The company's product lineup reflects this diversification. Its FOX-PTM families of systems handle full-wafer contact testing and can process singulated die and modules. The newer FOX-CP is a compact, lower-cost option for logic, memory, and photonic devices. Through its acquisition of Incal Technology, Aehr added the Sonoma family of ultra-high-power test solutions specifically engineered for AI accelerators, graphics processing units, and high-performance computing processors. This acquisition positioned the company as what it calls a turnkey provider—meaning it can support customers from the engineering phase all the way through high-volume production.

The William Blair presentation is part of a broader investor relations push. Aehr has arranged for institutional investors to meet with management throughout the day, and the company is offering live and replay access to the presentation through its investor relations website. For those wanting to schedule time with executives, the company has engaged PondelWilkinson, Inc., an investor relations firm, to coordinate meetings.

What Aehr is banking on is that the semiconductor industry's quality and reliability demands will only intensify. Electric vehicles need rock-solid power semiconductors. Data centers running AI workloads cannot tolerate chip failures. Solar and wind installations require long-term device stability. The company's thesis is that as these applications become more critical to infrastructure and commerce, the testing and validation equipment that ensures their reliability becomes not a luxury but a necessity—and a growth opportunity.

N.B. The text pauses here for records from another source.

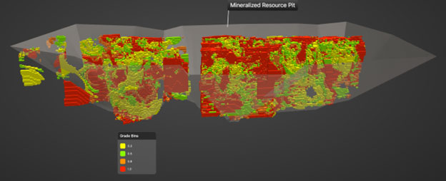 The graphic below shows the modeled blocks of the mineral resource estimate based upon grade bins. The mineralized blocks at the 1.0 g/t cut-off grade are represented in red. In addition, you can see a number of mineralized blocks outside the conceptual pit shell that can be captured as the pit shell is expanded.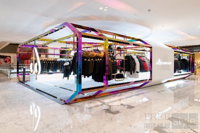 Moose Knuckles全新北京SKP限时精品店以全钢质结构打造,整体框架饰以炫彩镜面效果,在灯光下从各个角度折射出不同的光彩,恍若美轮美奂的极寒美景中传递出我们对保暖品质的无尽追求。限时店内中心以19块LED屏幕错落叠搭的电子装置,滚动播放Moose Knuckles2020年秋冬系列全新广告大片,营造新奇沉浸的视觉体验,引导顾客全身心体验Moose Knuckles的炫酷世界。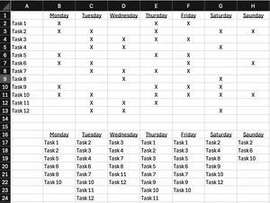 Hello, here is an example data set I am dealing with and what I am trying to find a formula for: In reality, I have about 85 tasks. In the second table, I want it to return for each day...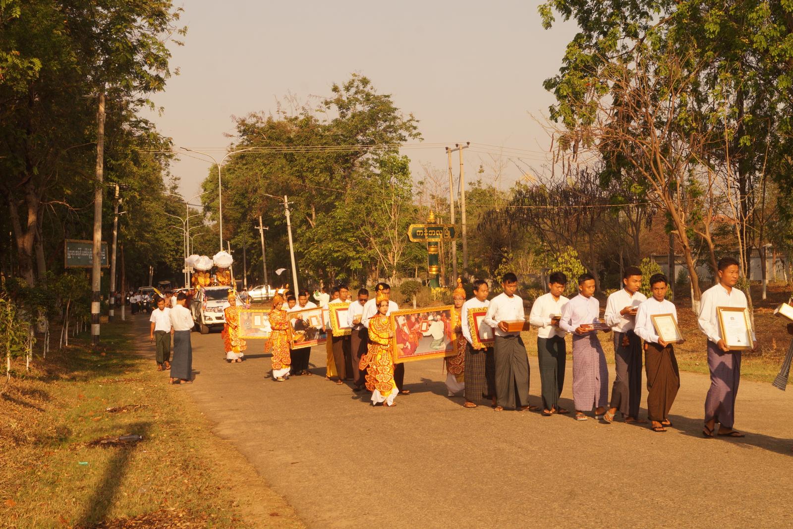 ရှေးဦးစွာ ဘွဲ့တံဆိပ်တော်ရ ဆရာတော်အား ခရိုင်စုပေါင်းရုံးမှတစ်ဆင့် တပင်ရွှေထီးလမ်း၊ ကန့်ဘလူ- ငါတို့လမ်းမှ မြို့ဦးရွာမပရိယတ္တိစာသင်တိုက်ကြီးသို့ ပင့်ဆောင်ပူဇော်ကြသည်။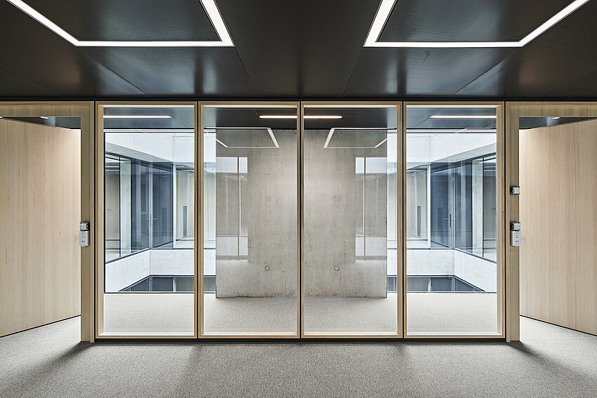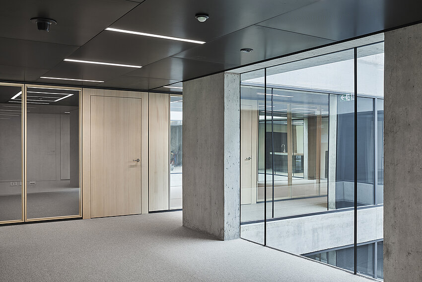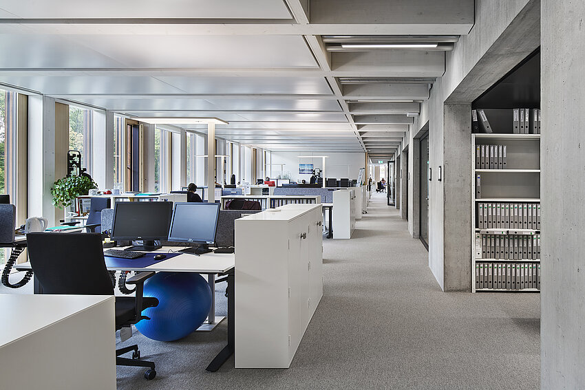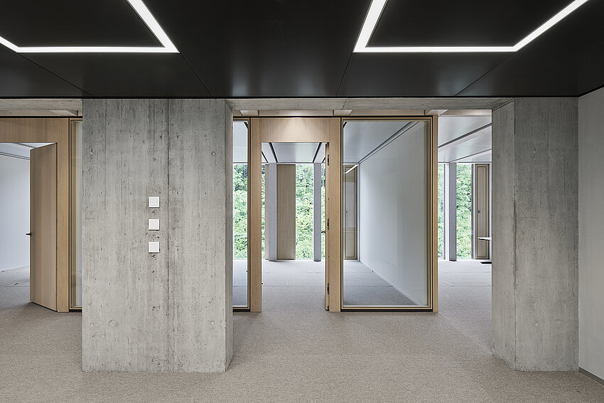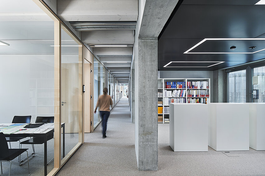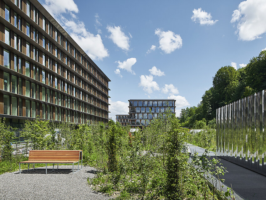 Die Bauten sind in ihrem Ausdruck so gestaltet, dass sie die Sprache der bestehenden Gebäude aufnehmen und interpretieren. Die Gebäudestruktur des Holz-/Betonhybridbaus mit tragenden Holzbalken und Holzstützen ist auf einem regelmässigen Achsraster aufgebaut. Dies generiert in den Neubauten eine polyvalente Nutzungsflexibilität mit individuell unterteilbaren Büroeinheiten. Der Grundsatz der Nachhaltigkeit wird in den Bereichen Gesellschaft, Wirtschaft und Umwelt umgesetzt. Mit einem Primärenergiebedarf, der innerhalb der Vorgaben von MINERGIE-P liegt, kann die Umweltbelastung verringert werden. Der Anteil erneuerbarer Energie liegt in diesem Projekt bei 100%. Das Projekt wurde in einer Pilotphase nach den Anforderungen des „Standard Nachhaltiges Bauen Schweiz“ (SNBS) überprüft und zertifiziert.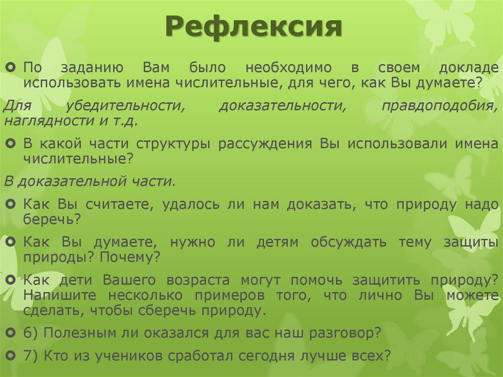РефлексияПо заданию Вам было необходимо в своем докладе

Aehr delivers complete turnkey solutions that improve the quality, reliability, and yield of semiconductors used in critical applications, including AI processors in cloud computing and data centers.
— Gayn Erickson, President and CEO of Aehr Test Systems
A Conversa do Hearth Outra perspectiva sobre a história
Inventor

Why does a company that makes testing equipment matter enough to present at a major investor conference?

Model

Because testing is where the supply chain gets real. You can design the most advanced AI chip in the world, but if it fails in a data center, that's a billion-dollar problem. Aehr's equipment catches those failures before they happen.

Inventor

So they're riding the AI wave, but indirectly.

Model

Exactly. They're not making the chips themselves. They're making sure the chips that matter—the ones going into cloud infrastructure, electric vehicles, 5G networks—actually work when they're deployed.

Inventor

The acquisition of Incal Technology seems significant. What does that change?

Model

It gives them purpose-built equipment for the highest-power, most demanding chips. AI accelerators and GPUs generate enormous heat and stress. Incal's Sonoma systems are designed specifically for that. Without that acquisition, Aehr would be a general-purpose testing company. With it, they're a specialist in the exact market that's growing fastest.

Inventor

Is there a risk that this is just hype? That AI demand could cool?

Model

Possibly. But the company's argument isn't just about AI. It's about reliability requirements across multiple industries—electric vehicles, power systems, telecommunications. Those aren't fads. They're infrastructure shifts that will require testing for decades.

Inventor

What's the actual business model? Do they sell equipment or provide services?

Model

They sell equipment. Manufacturers buy their systems and run them in-house. So the growth driver is adoption—how many semiconductor makers decide they need Aehr's solutions, and how many systems each one buys as production scales.

Inventor

And the presentation next week is essentially a sales pitch to investors.

Model

It's a pitch about why the company's growth trajectory is real. They're telling investors: look at the markets we serve, look at the traction we're seeing, look at the equipment we've built. This is where the money is.